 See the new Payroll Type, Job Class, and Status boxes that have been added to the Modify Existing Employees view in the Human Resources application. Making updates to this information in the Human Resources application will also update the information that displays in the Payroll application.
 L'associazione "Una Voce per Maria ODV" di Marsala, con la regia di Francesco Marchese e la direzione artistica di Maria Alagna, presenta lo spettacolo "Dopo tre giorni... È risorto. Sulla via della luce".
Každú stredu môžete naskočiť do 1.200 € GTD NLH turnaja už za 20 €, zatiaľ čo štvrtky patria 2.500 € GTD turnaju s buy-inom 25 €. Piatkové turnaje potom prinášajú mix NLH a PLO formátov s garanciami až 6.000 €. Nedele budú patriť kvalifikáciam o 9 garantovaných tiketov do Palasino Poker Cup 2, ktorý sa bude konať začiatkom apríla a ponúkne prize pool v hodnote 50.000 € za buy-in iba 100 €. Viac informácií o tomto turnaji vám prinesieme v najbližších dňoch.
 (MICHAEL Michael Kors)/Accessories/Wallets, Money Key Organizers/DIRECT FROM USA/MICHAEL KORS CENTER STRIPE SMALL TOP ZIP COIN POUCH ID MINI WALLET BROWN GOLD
--
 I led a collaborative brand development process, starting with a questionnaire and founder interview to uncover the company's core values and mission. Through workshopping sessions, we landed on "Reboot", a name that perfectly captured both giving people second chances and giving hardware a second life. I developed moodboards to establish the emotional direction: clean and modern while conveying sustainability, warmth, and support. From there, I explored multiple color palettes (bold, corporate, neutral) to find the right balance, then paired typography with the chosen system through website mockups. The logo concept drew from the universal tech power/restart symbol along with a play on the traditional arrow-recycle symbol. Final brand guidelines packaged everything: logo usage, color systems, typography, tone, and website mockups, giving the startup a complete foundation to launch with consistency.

● **WORK TO BE COMPLETED**: In your answer, include only the lines above starting at the line that holds "Každú stredu môžete" and ending at the line that holds "(MICHAEL Michael Kors)/Accessories/Wallets, Money", copied exactly.

● **TASK SOLUTION**:
Každú stredu môžete naskočiť do 1.200 € GTD NLH turnaja už za 20 €, zatiaľ čo štvrtky patria 2.500 € GTD turnaju s buy-inom 25 €. Piatkové turnaje potom prinášajú mix NLH a PLO formátov s garanciami až 6.000 €. Nedele budú patriť kvalifikáciam o 9 garantovaných tiketov do Palasino Poker Cup 2, ktorý sa bude konať začiatkom apríla a ponúkne prize pool v hodnote 50.000 € za buy-in iba 100 €. Viac informácií o tomto turnaji vám prinesieme v najbližších dňoch.
 (MICHAEL Michael Kors)/Accessories/Wallets, Money Key Organizers/DIRECT FROM USA/MICHAEL KORS CENTER STRIPE SMALL TOP ZIP COIN POUCH ID MINI WALLET BROWN GOLD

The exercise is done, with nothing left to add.